3番手の冨永さんが勧めてくれたのは、赤尾和美著『この小さな笑顔のために:日本人ナースのカンボジア奮闘日記』です。この本を手にしたのは、今夏、カンボジアの小児病院を訪問し、そこで看護師として働く著者に会ったことがきっかけだったそうです。日記形式で読みやすく、看護や衛生に対するカンボジアと日本の考え方の違いや、カンボジアの医療問題について深く考えさせられる一冊だと紹介してくれました。
4番手の山下さんのお勧めは、ニコル・テイラーによる文章とレナルト・ニルソンによる写真で構成された『赤ちゃんの誕生』で、山下さんはこの本と保育園児のときに出会ったそうです。1996年に出版された胎児の写真集ですが、「どの写真も美しく、どうやって撮ったのだろうと不思議に思う。神秘的な感動を与えてくれる。将来助産師になりたいと思うきっかけとなった本」だと紹介してくれました。実際の写真は敢えて見せない、巧みなプレゼンに、参加者の関心はいっそう高まったようでした。

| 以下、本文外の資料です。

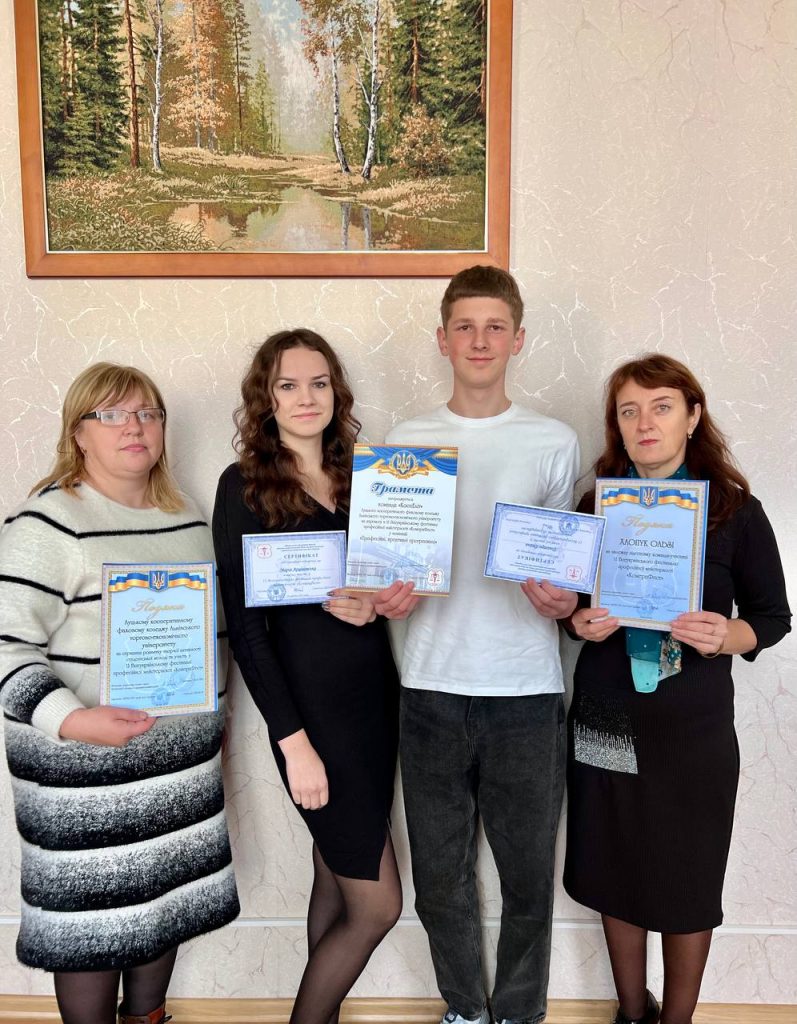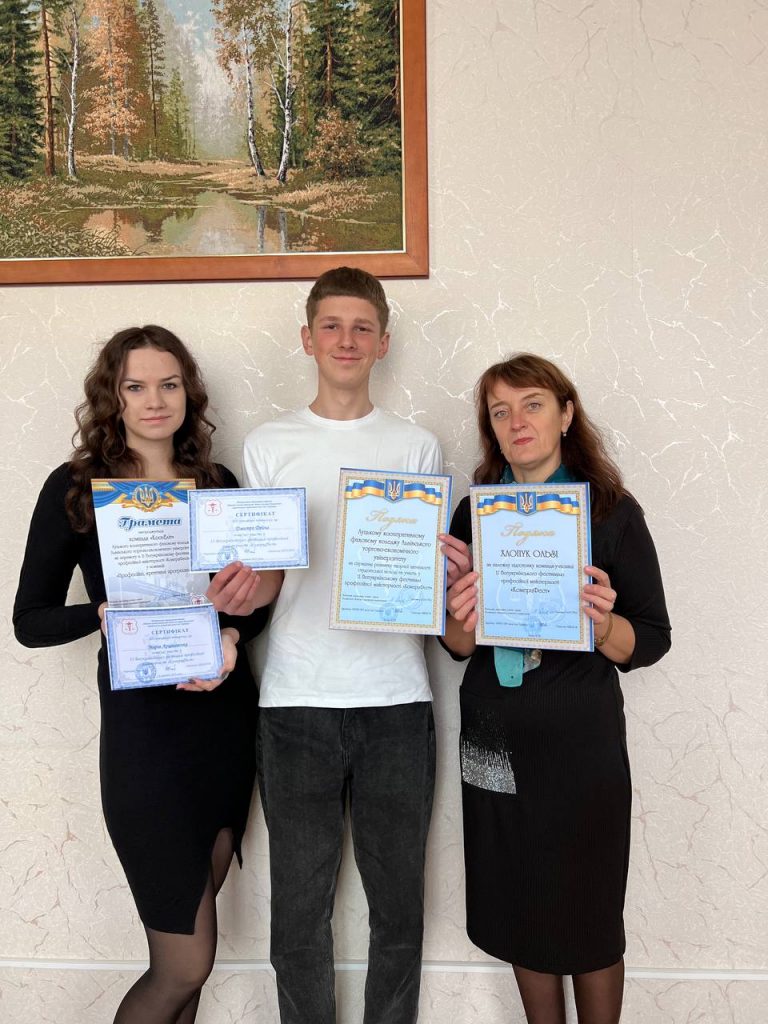 Учасники команди «КоопЕліт» Арцішевська Марійка та Дейна Дмитро виконали чотири завдання з товарознавства продовольчих та непродовольчих товарів, маркетингу, організації й технології торговельних процесів та здобули перемогу в номінації «Професійні, креативні, прогресивні», отримали сертифікати.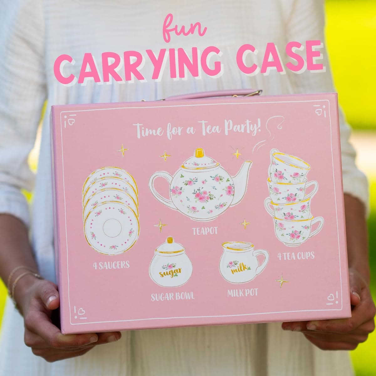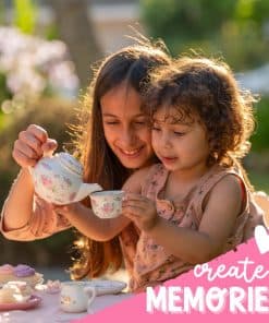 Este encantador juego de té para niñas porcelana floral trasciende el tiempo y las generaciones y cautiva a niñas de 3, 4, 5, 6, 7, 8, 9 y 10 años. Estos juegos de té para niñas no son solo regalos; son experiencias que evocan recuerdos apreciados en el que regala el regalo y cada momento de juego despierta asombro, fomenta la creatividad e enciende la imaginación.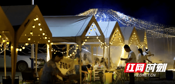 祁阳香湖湾是一处临江而建的乡村旅游点。如今这里已建成古村落临江民宿、国家级自驾车房车露营基地、游艇水上运动的综合型生态旅游乡村度假区。夜幕降临,江风徐来,一场祁剧户外表演加露天“烧烤趴”正在进行,吃烧烤、品祁剧,缓解一天的疲惫,享受这份属于自己的清凉夏夜。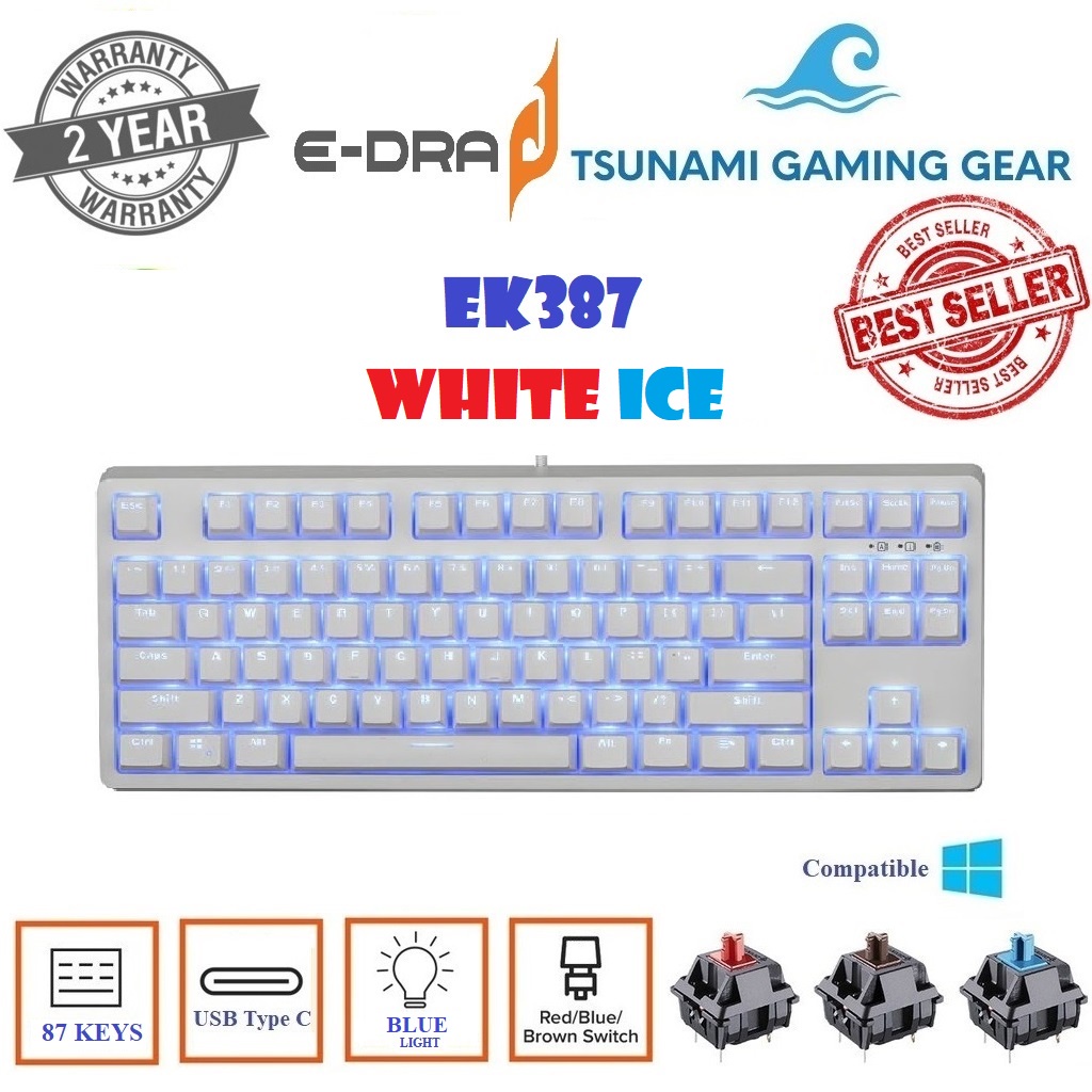 Máy tính & Laptop > Chuột & Bàn Phím > Bàn Phím Máy Tính || Phím cơ E-Dra EK387 White Ice case trắng/ led xanh cực chất version 2021 (Blue/ Brown/ Red Switch) BH 2 nămCòn hàng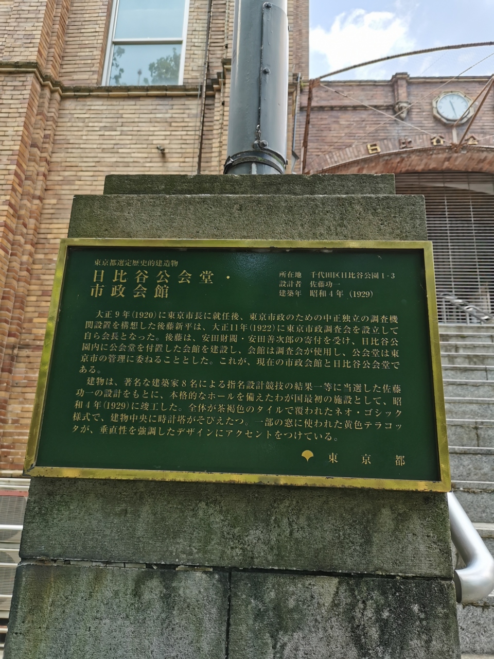 有楽町を出発して日比谷公園を散策。有楽町駅から歩いて10分ほど。東京ミッドタウンから日比谷公園に入りました。色々な噴水あり、オブジェあり、芝生広場あり。日比谷公会堂・市政会館は日比谷公園に隣接。ネオ・ゴシック様式で建築年は昭和4年。ちょっとくたびれていますが立派な建築物です。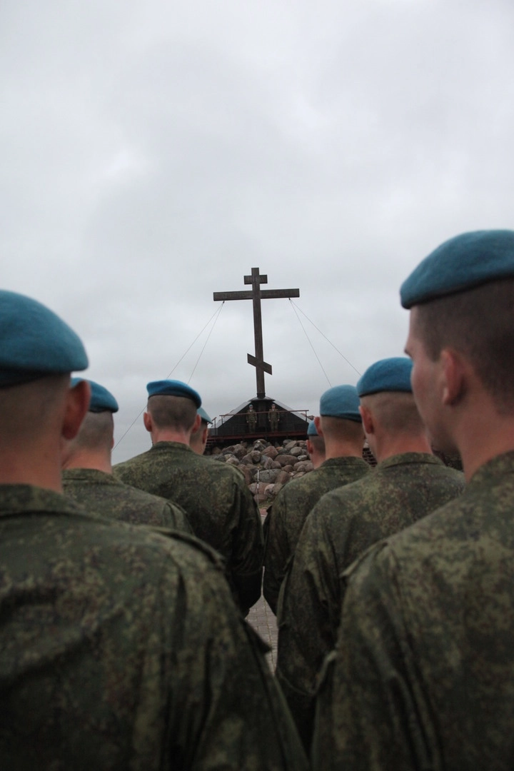 Справочно: Священный холм воздвигнут в 2007 году. В его основании лежат земли от всех городов и районов Псковской области — от древних крепостей и мест важных сражений, земли с могил великих людей, святых мест. Сюда принесена земля от Александро-Невской лавры, Палестины, Эрмитажа и Русского музея, с территории завода «Адмиралтейские верфи», где зарождался русский флот и крейсер «Аврора», с Пискаревского мемориального кладбища Санкт-Петербурга, в братских могилах которого захоронено 470 тыс. ленинградцев-петербуржцев и 50 тыс. воинов ленинградского фронта. Здесь же находится земля из освобожденного Цхинвала и защищенной Абхазии, привезенная воинами-десантниками 76-й десантно-штурмовой дивизии, грунт, взятый со дна Северного Ледовитого океана. На вершине установлен десятиметровый крест из лиственницы.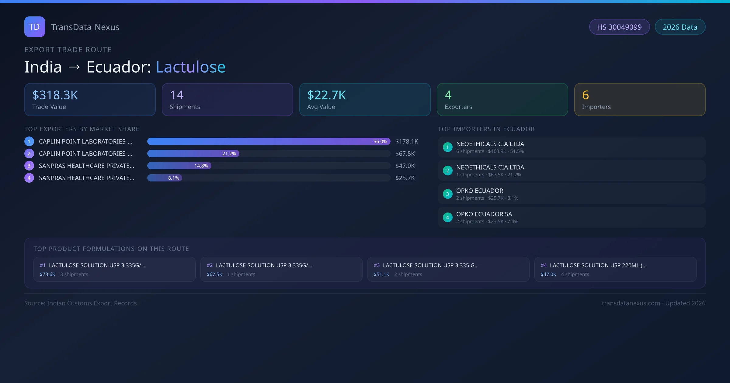 The India to Ecuador Lactulose corridor is one of India's established pharmaceutical export routes, with 14 shipments documented worth a combined $318.3K USD. The route is dominated by CAPLIN POINT LABORATORIES LIMITED, which alone accounts for roughly 56% of all export value, reflecting the consolidated nature of India's lactulose manufacturing sector.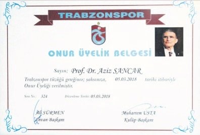 Trabzonspor daha önce 2015 Nobel Kimya Ödülü'nün sahibi Aziz Sancar'a, 'Onur üyelik belgesi' vermeyi teklif etmiş, Sancar da bunu "Çok memnun olurum"diyerek kabul etmişti. Sancar'ın üyelik belgesi hazırlandı. Buna göre Aziz Sancar 5 Mart 2018 tarihi ile bordo-mavili kulübün Onur üyesi oldu.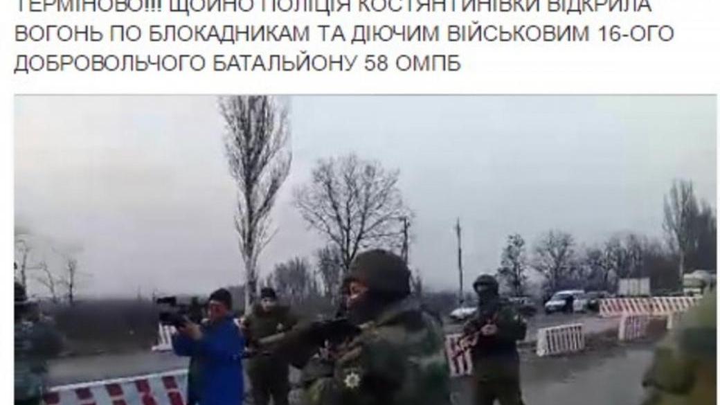 Сегодня в Константиновке Донецкой области возле блокпоста участников торговой блокады Донбасса произошла стычки с правоохранителями.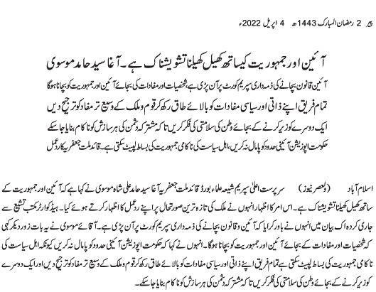 Urdu News 4 April 2022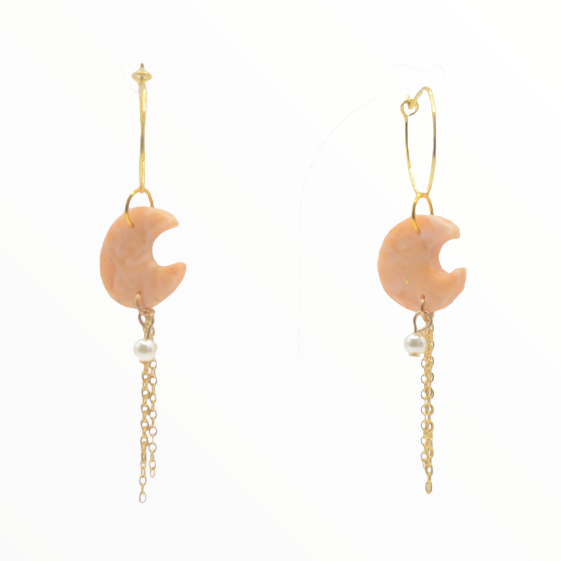 Mondanhänger mit kleiner Perle und Kettendetail in gold.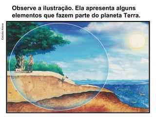 Este documento apresenta os principais elementos que compõem o interior e a superfície da Terra. Descreve a formação do planeta a partir de uma bola incandescente há bilhões de anos, dando origem à litosfera, hidrosfera, atmosfera e biosfera. Também explica o movimento das placas tectônicas, que causam terremotos e formam montanhas quando colidem.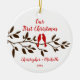 Our First Christmas Ornament features a stylish pair of red love birds sitting on a brown branch! Personalise with your information and date and you're all set to go! Wonderful dated keepsake gift for your first christmas and a great addition to you christmas ornament collection.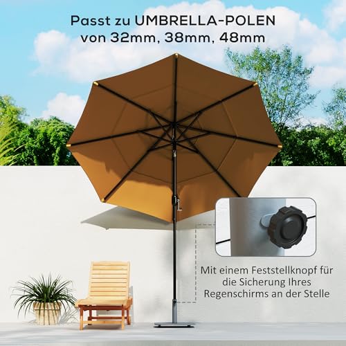 Universelle Kompatibilität: Dieser Schirmständer eignet sich anstelle die meisten Marktschirme mit einem Stangendurchmesser von 32, 38, 48 mm sowie anstelle Schirme bis zu 2,5 m Durchmesser. Ideal anstelle Potpourri Außenbereiche, garantiert sie eine sichere Bindung Ihres Sonnenschirms.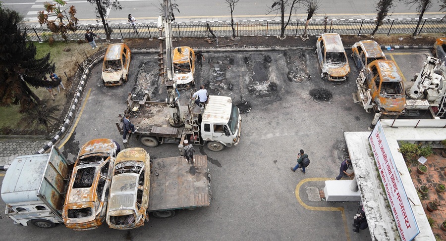भदौ २३ र २४ गते भएको जेनजी आन्दोलनका क्रममा सवारीसाधनसहित सरकारी र निजी सम्पतीमाथि आन्दोलनकारीले आगजनी र तोडफोड गरेका थिए। आगजनी भएका सवारीसाधनहरू नयाँबानेश्वरस्थित वीरेन्द्र अन्तर्राष्ट्रिय सम्मेलन केन्द्र परिसर, टेकु र कपनमा राखिएको छ।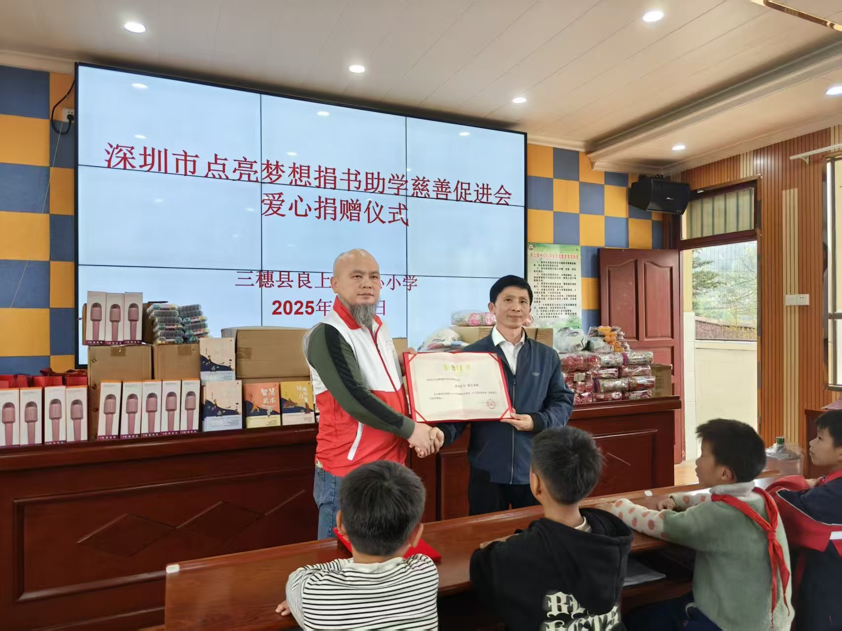 4月9日,深圳市点亮梦想捐书助学慈善促进会会长蒋湘南、董先燕一行驱车千里,从湖南永州奔赴贵州省三穗县良上镇中心小学,开展了一场饱含温情的爱心捐赠活动,为山区学子送去了知识与希望。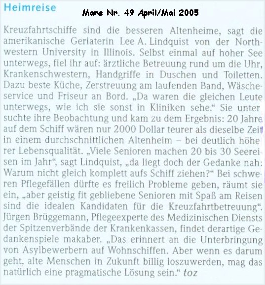 nich in en Hus för de ganz Ollen gahn, ne: ick gah up ein Krüüzfohrtschipp.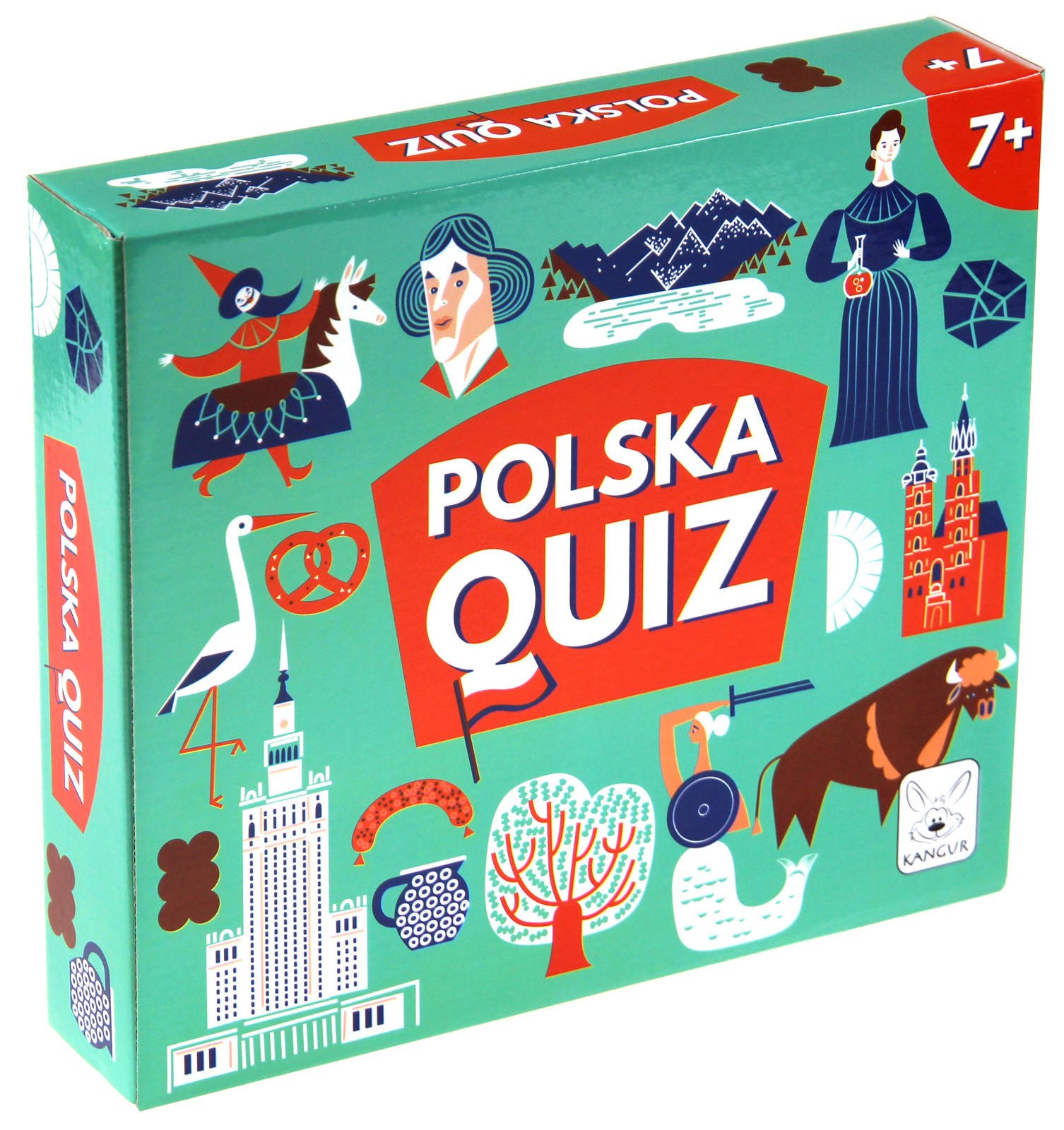 Polska : quiz. - Warszawa : Kangur, [2020]. - 1 gra (55 kart do gry, 150 pytań, 30 kart dat, 4 karty ruchu, 1 plansza, 4 pionki) : karton, plastik, tektura, kolor ; w pudełku 6x26x24 cm + instrukcja.

最後の発表は、前回に続き2回目の出場となる1年生の吉田さん。お勧めは、乾くるみ著『リピート』です。「リピート」とは、現在の記憶を持ったまま半年前に戻って人生をやり直すことができること。学生や社会人、さまざまな立場の登場人物がリピートしてどう生き直すかが描かれています。「人生を何度もリピートできると、人はいい加減に生きるようになる。今を一所懸命生きようと思うから、多くのことを吸収できる。やり直せると思うと成長しないし、自分のためにならないと思う」と語る吉田さんの言葉に、深くうなずく参加者の姿も見られました。
投票の結果、チャンプ本となったのは、1年生の吉田さんが推薦した『リピート』でした。吉田さんと、前回のビブリオバトルで選出された2年生の鹿子島さんは、12月に京都で開催される「全国ビブリオバトル大会」の出場権をかけた「九州北部地区決選」への出場することができます。
地区決選の開催情報は、後日ホームページ等でもお知らせします。皆さん、ぜひ二人を応援してください!